A machine-rendered reading of the paper's core claim, the machinery that carries it, and where it could break.
Core claim
The quantile of means estimator, when applied to an ensemble in finite-horizon MDPs, yields a bonus-free exploration strategy that attains the minimax optimal regret bound which depends on the variance of the returns.
What carries the argument
The quantile of means, which selects a conservative estimate from multiple independent value function estimates to guide exploration.
If this is right
- It achieves optimal variance-dependent regret bounds.
- It eliminates the need for explicit count-based uncertainty estimates.
- It extends ensemble methods from multi-armed bandits to MDPs while preserving optimality.
- It provides theoretical justification for using ensembles in reinforcement learning exploration.
Where Pith is reading between the lines
- Similar quantile ensembles might work in infinite-horizon or continuous state settings if the finite-horizon analysis can be adapted.
- The method could be combined with deep neural network ensembles to scale to complex environments.
- Testing the variance dependence in practice could reveal whether the theoretical improvement translates to faster learning in high-variance tasks.
Load-bearing premise
That the properties of the ensemble method carry over from bandits to MDPs without needing extra structure or assumptions on how the ensemble is built.
What would settle it
Running the algorithm on a finite-horizon MDP where the observed regret significantly exceeds the variance-dependent bound predicted by the theory.
read the original abstract
Optimal Reinforcement Learning (RL) algorithms typically rely on carefully constructed count-based uncertainty estimates to drive exploration. Although theoretically sound, such estimates are hard to compute in practical settings and therefore offer limited insight for designing exploration heuristics. Meanwhile, ensembling has emerged as a practical approach, but remains without theoretical justification. Building on a recent ensemble-based method for Multi-Armed Bandits, we propose a quantile-based ensemble method for finite-horizon Markov Decision Processes (MDPs). Our simple count-free approach achieves optimal variance-dependent regret bounds, providing theoretical grounding for ensemble-based exploration in RL.
Editorial analysis
A structured set of objections, weighed in public.
Referee Report
Summary. The paper proposes a quantile-of-means ensemble method for exploration in finite-horizon MDPs. Extending a recent count-free ensemble approach from multi-armed bandits, the method is claimed to achieve minimax-optimal variance-dependent regret bounds without relying on count-based bonuses or explicit uncertainty estimates.
Significance. If the central claims hold with rigorous proofs, the result would be significant: it supplies the first theoretical justification for a practical ensemble heuristic in RL while matching known optimal variance-dependent rates (typically of the form involving sqrt(V* H^3 S A T) or similar).

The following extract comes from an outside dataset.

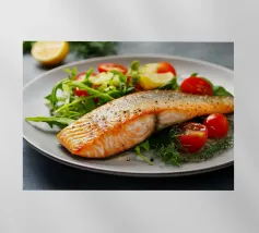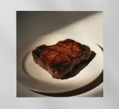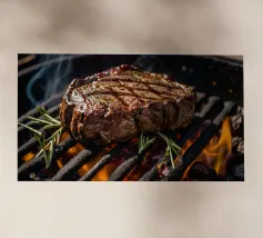 Una bella bistecca alla griglia è adagiata su un piatto bianco, ornato dai segni della griglia. La calda luce del sole mette in risalto i suoi colori ricchi, creando un'atmosfera invitante perfetta per il pranzo.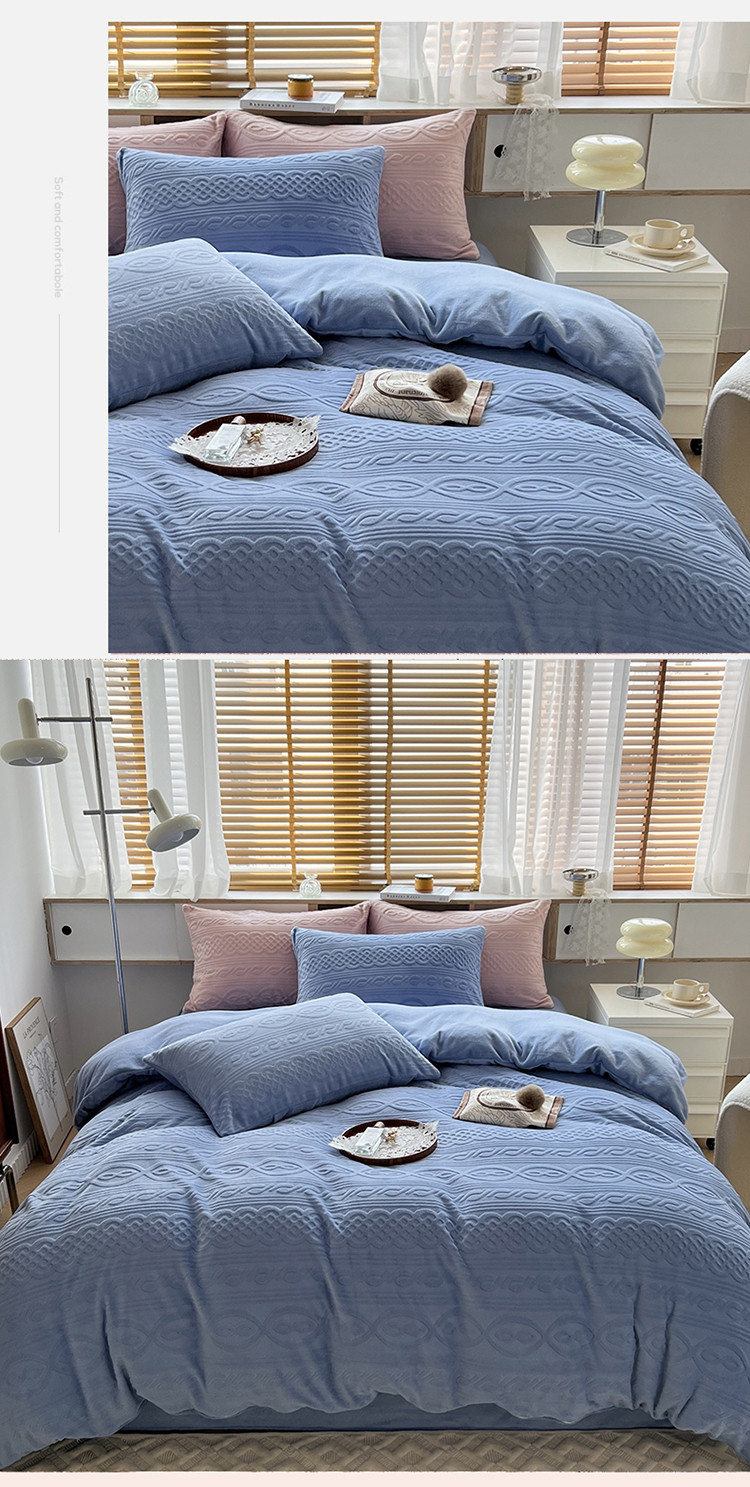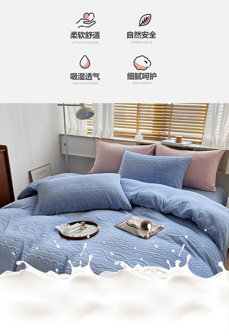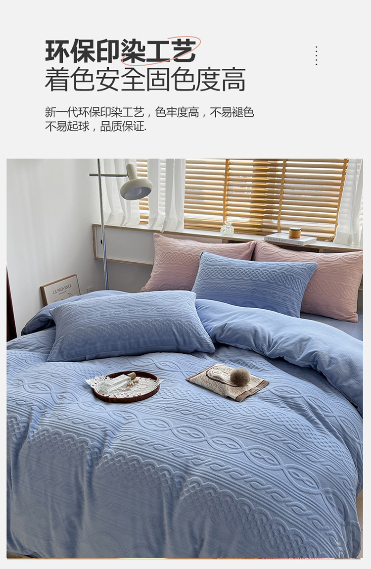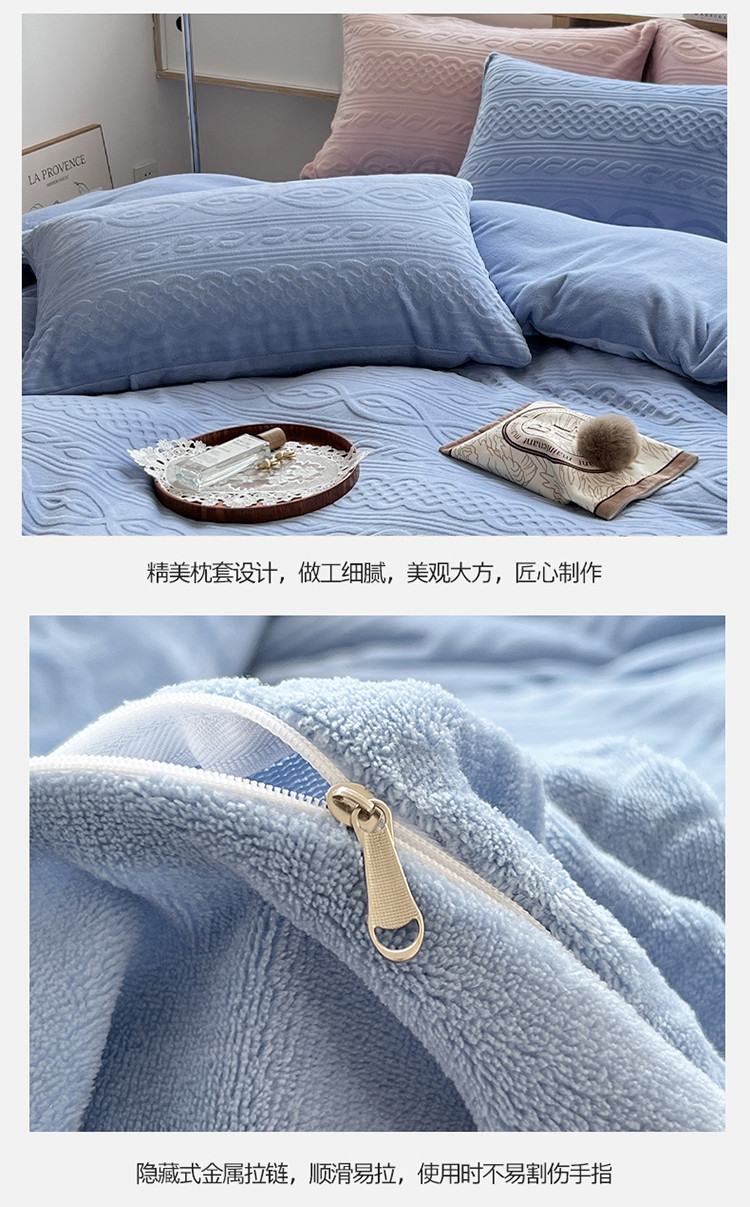 商品名称:N先生2022新款高克重雕花绒牛奶绒四件套 丽莎-蓝

This bridges the gap between count-based theory and ensemble practice and could influence algorithm design.
major comments (2)
- [MDP analysis / main regret theorem] The extension from the MAB setting to finite-horizon MDPs requires explicit control of quantile-estimate errors across the horizon H and through value-function backups; without new concentration lemmas addressing propagation through the unknown transition kernel, the optimality claim rests on an implicit assumption that the per-step bandit guarantee lifts directly (see skeptic note on horizon-dependent concentration).
- [§3 (method) and regret proof] It is unclear whether the ensemble construction (size, quantile level, or variance handling) is independent of state-action visit counts or requires additional assumptions on the MDP to retain the variance-dependent bound; any hidden dependence would undermine the 'count-free' and 'bonus-free' claims.
minor comments (2)
- Clarify all assumptions on the MDP (finite horizon, bounded rewards, etc.) and ensemble parameters in the main text rather than deferring to the bandit reference.
- Ensure experimental sections (if present) report variance-dependent metrics and compare against both count-based and other ensemble baselines with statistical significance.
Simulated Author's Rebuttal
We thank the referee for their constructive comments on our manuscript. We are pleased that the potential significance of the result is recognized. Below we provide point-by-point responses to the major comments.
read point-by-point responses
-
Referee: [MDP analysis / main regret theorem] The extension from the MAB setting to finite-horizon MDPs requires explicit control of quantile-estimate errors across the horizon H and through value-function backups; without new concentration lemmas addressing propagation through the unknown transition kernel, the optimality claim rests on an implicit assumption that the per-step bandit guarantee lifts directly (see skeptic note on horizon-dependent concentration).
Authors: The proof of the main regret theorem (Theorem 4.1) does include dedicated concentration lemmas for the propagation of quantile estimation errors over the horizon. In particular, we develop a new martingale concentration result (Lemma 4.2) that accounts for the dependence through the unknown transition kernel in the value function backups. This allows the per-step guarantees to be lifted rigorously to the full horizon without additional assumptions. We can add a pointer to these lemmas in the main text if it helps clarify the structure. revision: partial
-
Referee: [§3 (method) and regret proof] It is unclear whether the ensemble construction (size, quantile level, or variance handling) is independent of state-action visit counts or requires additional assumptions on the MDP to retain the variance-dependent bound; any hidden dependence would undermine the 'count-free' and 'bonus-free' claims.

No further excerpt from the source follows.